St George’s Hospital
This week I have the amazing opportunity to shadow a cardiothoracic consultant and so I will document all of the exciting things I see! Day 1 was spent at St George’s Hospital, and after seeing outpatients in the morning, I had the amazing opportunity to witness a Coronary artery bypass surgery! The coronary artery bypass surgery I witnessed was performed on someone who suffered from Coronary artery disease , which is a condition involving the clogging of arteries that bring blood to the heart muscle caused by fatty deposits on the inner walls of the arteries. The main factors which contribute to coronary artery disease are:
- High blood pressure
- High cholesterol
- Diabetes or insulin resistance
- Sedentary lifestyle
- Family history
- High blood pressure
- High blood cholesterol levels
- Overweight or obesity
- Physical inactivity
- High stress
- Unhealthy diet
A doctor will diagnose coronary artery disease from symptoms and tests such as performing a physical examination, blood tests, an exercise stress test, a cardiac nuclear scan, and cardiac catheterization. Any of these tests will play an important part in deciding whether or not bypass surgery will be needed. It is a fairly low-risk procedure. For someone who has a normal functioning heart, non-emergency bypass surgery carries a risk of death of 1% or less. There is a 5% chance of a heart attack during surgery. The risk from surgery is a bit higher if someone has had other cardiovascular problems. About 90% of people who undergo the surgery experience complete or dramatic relief of their symptoms.
- Coronary artery bypass surgery is an open-heart procedure. The patient was placed under general anesthetic and the surgeon began the operation by making an incision down the centre of the chest, then dividing and separating the sternum. Tubes were then attached to the heart and connected to a heart-lung machine that keeps the blood supplied with oxygen, and the blood was pumped from the heart to the machine and back to the body to be circulated again. Blood pressure, temperature, and breathing were all able to be regulated throughout the whole procedure.

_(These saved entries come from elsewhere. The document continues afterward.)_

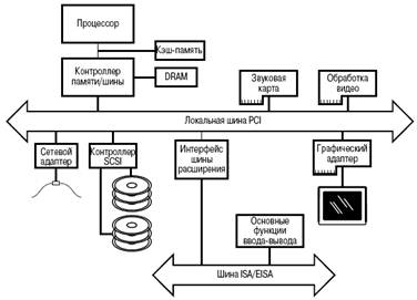 íà÷àëå 1992 ãîäà Intel îðãàíèçîâàëà ãðóïïó ðàçðàáîò÷èêîâ, ïåðåä êîòîðîé áûëà ïîñòàâëåíà çàäà÷à - ðàçðàáîòàòü íîâóþ øèíó, â êîòîðîé áûëè áû óñòðàíåíû âñå íåäîñòàòêè øèí ISA è EISA.  èþíå 1992 ãîäà áûëà âûïóùåíà ñïåöèôèêàöèÿ øèíû PCI âåðñèè 1.0, êîòîðàÿ ñ òåõ ïîð ïðåòåðïåëà íåñêîëüêî èçìåíåíèé. Ñîçäàòåëè PCI îòêàçàëèñü îò òðàäèöèîííîé êîíöåïöèè, ââåäÿ åùå îäíó øèíó ìåæäó ïðîöåññîðîì è îáû÷íîé øèíîé ââîäà-âûâîäà. Âìåñòî òîãî ÷òîáû ïîäêëþ÷èòü åå íåïîñðåäñòâåííî ê øèíå ïðîöåññîðà, âåñüìà ÷óâñòâèòåëüíîé ê ïîäîáíûì âìåøàòåëüñòâàì, îíè ðàçðàáîòàëè íîâûé êîìïëåêò ìèêðîñõåì êîíòðîëëåðîâ äëÿ ðàñøèðåíèÿ øèíû (ðèñ. 12). PCI äîáàâëÿåò ê òðàäèöèîííîé êîíôèãóðàöèè øèí åùå îäèí óðîâåíü. Ïðè ýòîì îáû÷íàÿ øèíà ââîäà-âûâîäà íå èñïîëüçóåòñÿ, à ñîçäàåòñÿ ôàêòè÷åñêè åùå îäíà âûñîêîñêîðîñòíàÿ ñèñòåìíàÿ øèíà ñ ðàçðÿäíîñòüþ, ðàâíîé ðàçðÿäíîñòè äàííûõ ïðîöåññîðà. Êîìïüþòåðû ñ øèíîé PCI ïîÿâèëèñü â ñåðåäèíå 1993 ãîäà, è âñêîðå îíà ñòàëà íåîòúåìëåìîé ÷àñòüþ êîìïüþòåðîâ âûñîêîãî êëàññà. Òàêòîâàÿ ÷àñòîòà ñòàíäàðòíîé øèíû PCI ðàâíà 33 ÌÃö, à ðàçðÿäíîñòü ñîîòâåòñòâóåò ðàçðÿäíîñòè äàííûõ ïðîöåññîðà. Äëÿ 32-ðàçðÿäíîãî ïðîöåññîðà ïðîïóñêíàÿ ñïîñîáíîñòü ñîñòàâëÿåò 132 Ìáàéò/ñ: 33 ÌÃö ´ 32 áèò = 1 056 Ìáèò/ñ; 1056 Ìáèò/ñ: 8 = 132 Ìáàéò/ñ.  íàñòîÿùåå âðåìÿ 64-ðàçðÿäíûå øèíû èëè øèíû ñ ðàáî÷åé ÷àñòîòîé 66 è 133 ÌÃö èñïîëüçóþòñÿ òîëüêî â ñèñòåìíûõ ïëàòàõ ñåðâåðîâ èëè ðàáî÷èõ ñòàíöèé. Îäíî èç îñíîâíûõ ïðåèìóùåñòâ øèíû PCI çàêëþ÷àåòñÿ â òîì, ÷òî îíà ìîæåò ôóíêöèîíèðîâàòü îäíîâðåìåííî ñ øèíîé ïðîöåññîðà. Ýòî ïîçâîëÿåò ïðîöåññîðó îáðàáàòûâàòü äàííûå âíåøíåé êýø-ïàìÿòè îäíîâðåìåííî ñ ïåðåäà÷åé èíôîðìàöèè ïî øèíå PCI ìåæäó äðóãèìè êîìïîíåíòàìè ñèñòåìû.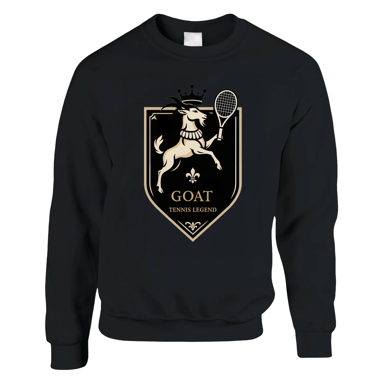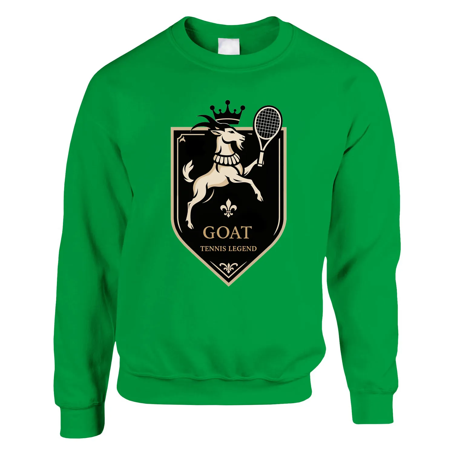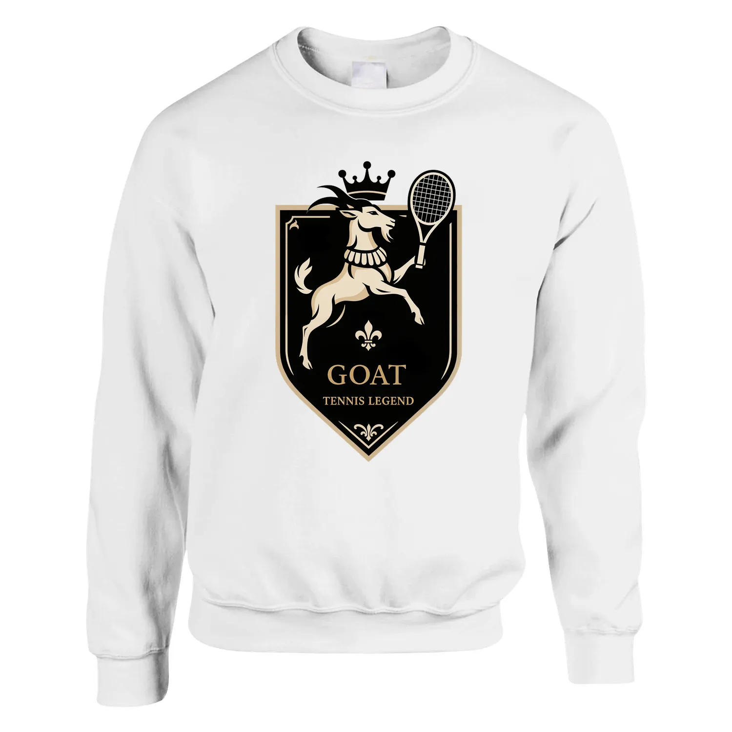 Buy the Sweater Tennis Legend GOAT2 for ultimate comfort and style! This thick, unisex sweater features a soft 50/50 cotton-polyester blend, air-jet spun for a smooth feel. With double-needle stitching and 1x1 rib knit with spandex, it ensures durability and stretch. Perfect for everyone!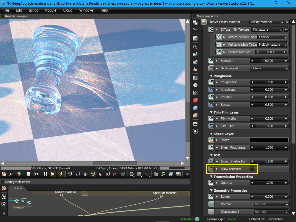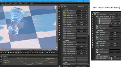 - wrong caustics (less visible) on mix material with “allow caustics” checked like chess material But normal without "allow caustics" on mix material: -> "Chess Procedural with glass material with photon tracing" ORBX download -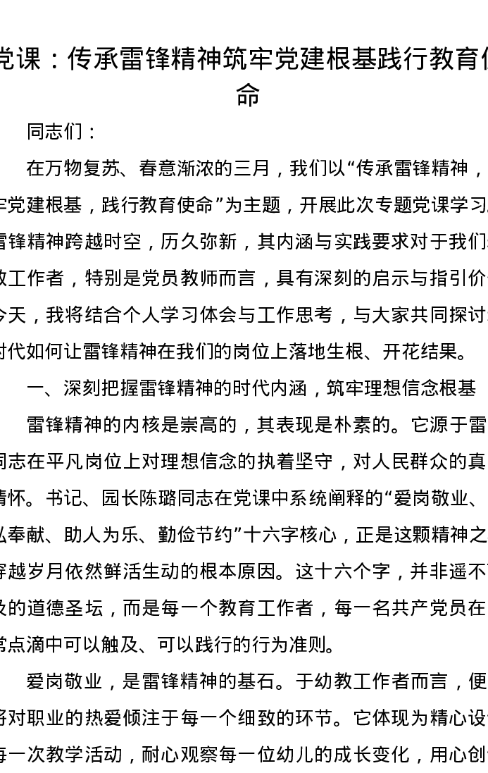 党课:传承雷锋精神 筑牢党建根基 践行教育使命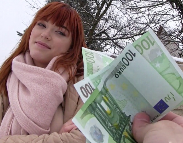Немецкая девочка приехала в Чехию посмотреть местные достопримечательности, а в итоге стала достопримечательностью для одного из местных ребят. Парень предложил соске за небольшую плату засветить свои буфера, что та с удовольствием и сделала прямо на улице, несмотря на мороз и лежащий вокруг снег. Дальнейшее общение продолжилось уже в припаркованном поблизости автомобиле. В тесной обстановке красавица сделала незнакомцу минет, после чего спустила штанишки и дала засадить толстый хер в свою пилотку.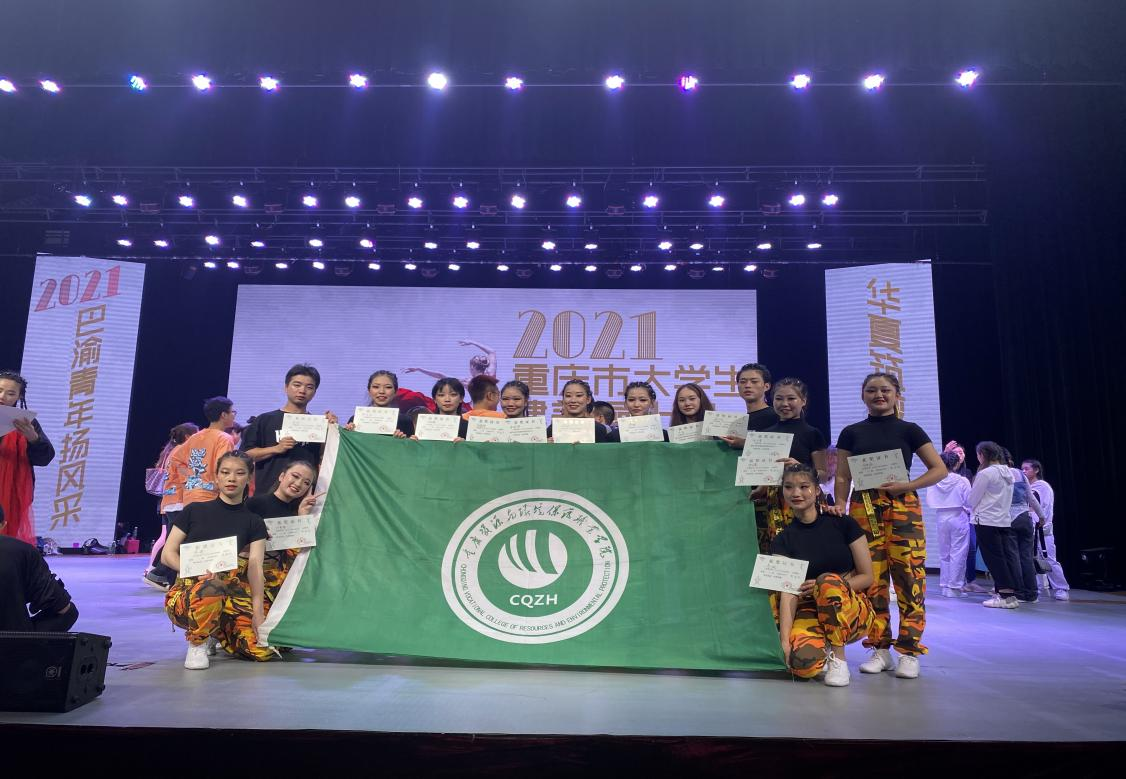 2021年5月19日重庆市教育委员会主办的2021重庆市大学生健美操比赛在四川外国语大学大礼堂拉开序幕。我校为了丰富大学生的课余生活,提高大学生的综合素质,增强团队精神和凝聚力,展现学生积极向上的风貌,精心准备,认真排练,踊跃参加本次健美操比赛。本次比赛共有33所高校586名运动员参加,包含竞技健美操自编动作、啦啦操和排舞三部分内容。我校学生每日在操场严格的练习,挥洒辛勤的汗水,从最开始的手忙脚
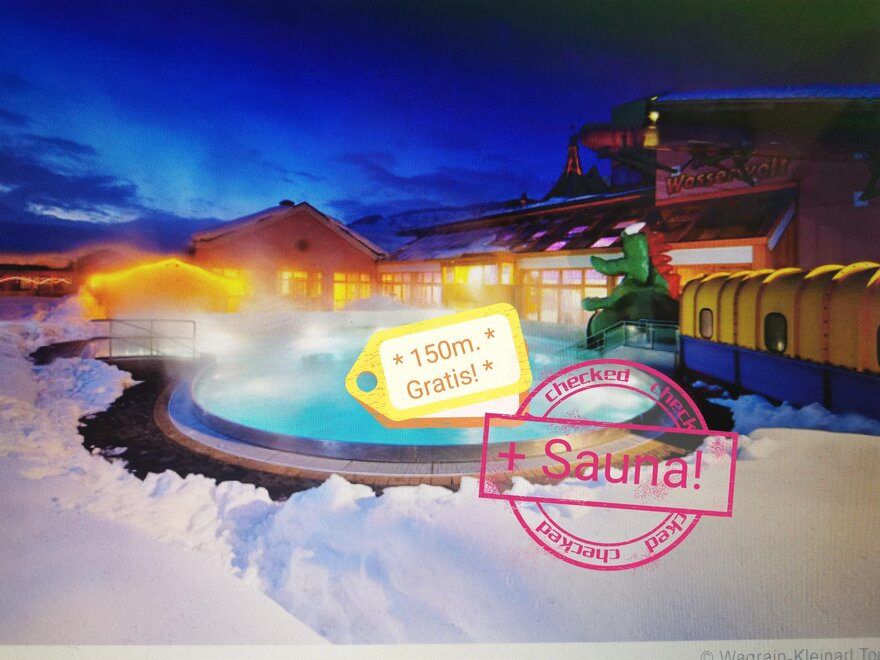 Jeden Tag gratis Eintritt in die Wasserwelt Wagrain 250 m , nur 500 m von den Seilbahnen Grafenberg und Flying Mozart entfernt. Ein kostenfreier Skibus hält in nur 50 m Entfernung. Eislaufplatz/Tennisplatz/Skiverleih sind sehr gut zu Fuß zu erreichen!

- The surgeon then clamped the aorta, and he then sewed 4 veins taken from the legs to join the aorta to the coronary artery, bypassing the blocked part of the coronary artery to allow blood carrying oxygen to reach the heart.
- When the grafting finished, the patient was taken off the heart-lung machine, and the surgeon rejoined the breastbone with stainless steel wires.
The operation I saw lasted 4 hours, and an average operation lasts from 3 to 6 hours. After surgery, all patients will need to continue taking medications that decrease the work of the heart and reduce the risk of future heart attacks. More than 80% still work 10 years after the surgery. Vein grafts more often become obstructed. After 5 years, one-quarter of any vein grafts may be clogged. New techniques of bypass surgery may be used in some cases, such as the “beating-heart” technique which does not use the heart-lung machine setup but still needs to be done through the incision in the middle of the chest. Bypasses are sewn directly onto the heart without stopping the heart which means that the risk of complications from the heart-lung machine is lower.